Bill for damage after fire at Douglas Village Shopping Centre could top €10m

The scene on Sunday morning in the Douglas Village Multi-Storey car park where more than 60 vehicles were damaged in a large fire. Video: Cork Fire Brigade

 

The Government has been urged to review building regulations for multi-storey car parks following a fire that caused an estimated €10 million of damage in Cork.

Cork City Fire Brigade said on Monday there was no sprinkler system in Douglas Village Shopping Centre car park, which was badly damaged on Saturday evening after a car burst into flames. The fire spread rapidly, destroying up to 60 other vehicles.

Gardaí are satisfied the blaze started accidentally.

The shopping centre has been closed to the public until further notice and about 150 undamaged vehicles remain in the car park. Damage to the access ramps means they may have to be removed by crane.

Eamon Downey, of loss assessors Owens McCarthy, said the incident should prompt an immediate review of fire-safety regulations for such buildings, particularly in terms of fire suppressants.

“This incident has highlighted the dangers of buildings like this. We have to look at our building regs and fire suppressants – even if we have the older style sprinkler systems we would have saved an awful lot,” said Mr Downey.
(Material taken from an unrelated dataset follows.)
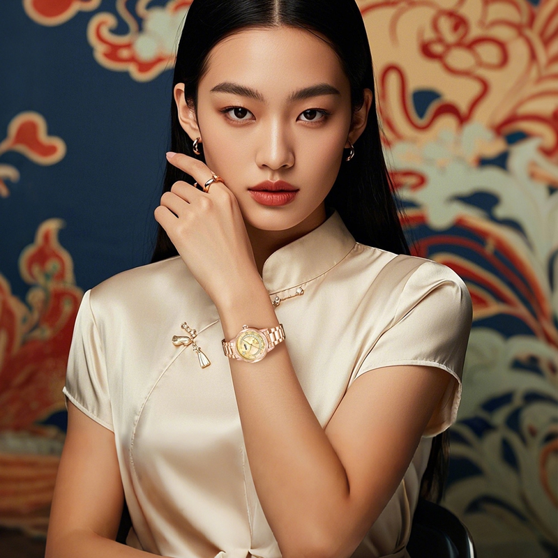字面:金色貝殼面,11點(diǎn)位1顆1.75mm托帕石,兔眼1顆真紅寶石,5顆真鉆石,33顆晶鉆,夜光針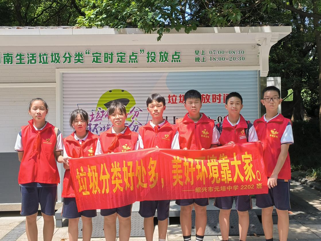 近日,浙江省绍兴市元培中学2202班启航小队在绍兴周恩来祖居和迪荡街道云东社区开展“垃圾分类齐行动,共筑绿色环保梦”暑期社会实践活动,宣传垃圾分类的知识,弘扬坚持走可持续发展道路的理念。

Building regulations for multi-storey car parks do not require a sprinkler system.

Mr Downey said he believed insurance claims from the 50 or so businesses in the shopping centre could reach €12 million, going by a preliminary examination of the damage.

“Certainly looking at the way that some of the steel girders in the multi-storey buckled, the building has clearly suffered significant structural damage so the question then is – can the damaged part be replaced or does the entire centre have to come down?”

Four months

Mr Downey said it could be two weeks before the insurance companies hand back the building after assessment and it may take another three or four weeks to price the repair work. If demolition is confined to just a portion, it might be completed in four months.

However, if the entire multi-storey car park has to be demolished and, if this in turn requires the demolition of the shopping centre on the ground floor, then the rebuild could take more than a year to complete, he estimated.

Mr Downey said that in addition to damage to fixtures, fittings and stock, many companies would have business interruption policies which would allow them to claim for loss of earnings through the business being damaged or inaccessible even if not damaged.

Supt Colm O’Sullivan said the building had been deemed too dangerous to allow Garda technical experts to fully examine the car which they believed started the blaze so it may be sometime before they can confirm the model.

“We can trace the source of the fire to the people carrier but until we can identify the chassis number from that vehicle we cannot positively identify the make of the vehicle involved,” he said.